Mr. Abe, the scion of a staunchly nationalist family of leading politicians, had the longest uninterrupted tenure as prime minister in Japanese history, nearly eight years beginning in 2012. He had previously served a year in an earlier stint as the country’s leader.

His long run delivered only partial victories on his two primary ambitions: to unfetter Japan’s military after decades of postwar pacifism and to jump-start and overhaul its economy. He resigned as prime minister in August 2020, a year before his term was set to end, citing ill health.

One of his most significant moves came in 2015, when, in the face of intense opposition, he pushed through legislation that authorized overseas combat missions alongside allied troops in the name of “collective self-defense.” But he failed in his long-held dream of revising the war-renouncing clause of Japan’s Constitution, put in place by American occupiers after World War II.
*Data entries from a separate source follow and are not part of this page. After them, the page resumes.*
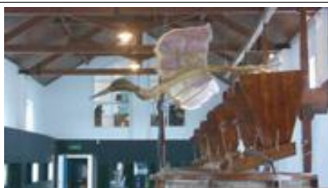
Mooie decoratie in de hal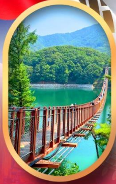
สะพานแขวนมาจิง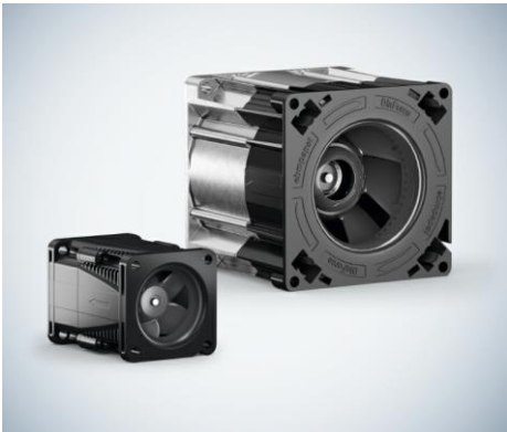
Bild 2: Neue Baugrößen verfügbar: DiaForce 40 (links) und DiaForce 80 (rechts)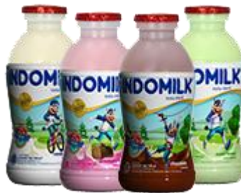
Gambar 1. 5 Susu Cair Indomilk

Susu cair steril Indomilk adalah produk susu cair yang diperoleh dari susu segar yang dipanaskan pada suhu tidak kurang dari 100 derajat selama waktu yang cukup untuk mencapai keadaan steril lalu dikemas dalam botol plastik transparan yang kedap udara sehingga dapat bertahan lama tanpa bahan pengawet. Pilihan rasa yang disajikan berupa coklat, strawberry , melon, dan vanilla

Mr. Abe’s economic program, known as Abenomics, involved cheap cash, government spending on stimulus projects that expanded the country’s debt and attempts at corporate deregulation. The combination delivered results in the early years of his term, lifting the economy out of an unrelenting malaise.

A key factor in Mr. Abe’s economic platform was to draw more women into the paid work force, to counterbalance a declining and aging population. But the promise of drastically raising the proportion of women in management and in government did not come to fruition.

On the international stage, Mr. Abe was one of the few world leaders to maintain a consistently close relationship with President Donald J. Trump. And after years of a chilly relationship with China, Mr. Abe tried to usher in a warmer era, making the first visit to Beijing by a Japanese prime minister in seven years when he met with President Xi Jinping in 2018.

While Mr. Abe worked to cultivate diplomatic and trade relations around the world, he never lost sight of his nationalist agenda at home. A year after taking office in 2012, he visited Yasukuni Shrine, which honors Japan’s war dead — including war criminals from the World War II era. Although he largely avoided further visits, he resisted calls for Japan to more fully apologize for its wartime atrocities, a sore point in Korea and China.

He reiterated support for past official statements of remorse, but also seemed to suggest that Japan had done enough. “We must not let our children, grandchildren and even further generations to come, who have nothing to do with that war, be predestined to apologize,” he said in 2015.

Shinzo Abe was born on Sept. 21, 1954, in Tokyo to Shintaro and Yoko Abe. His mother was the daughter of Nobusuke Kishi, prime minister from 1957 to 1960, who had been accused of war crimes by the occupying Americans, but who was ultimately released from prison without appearing before the Allied war crimes tribunal.

Mr. Abe’s father was also a politician, and served as foreign minister.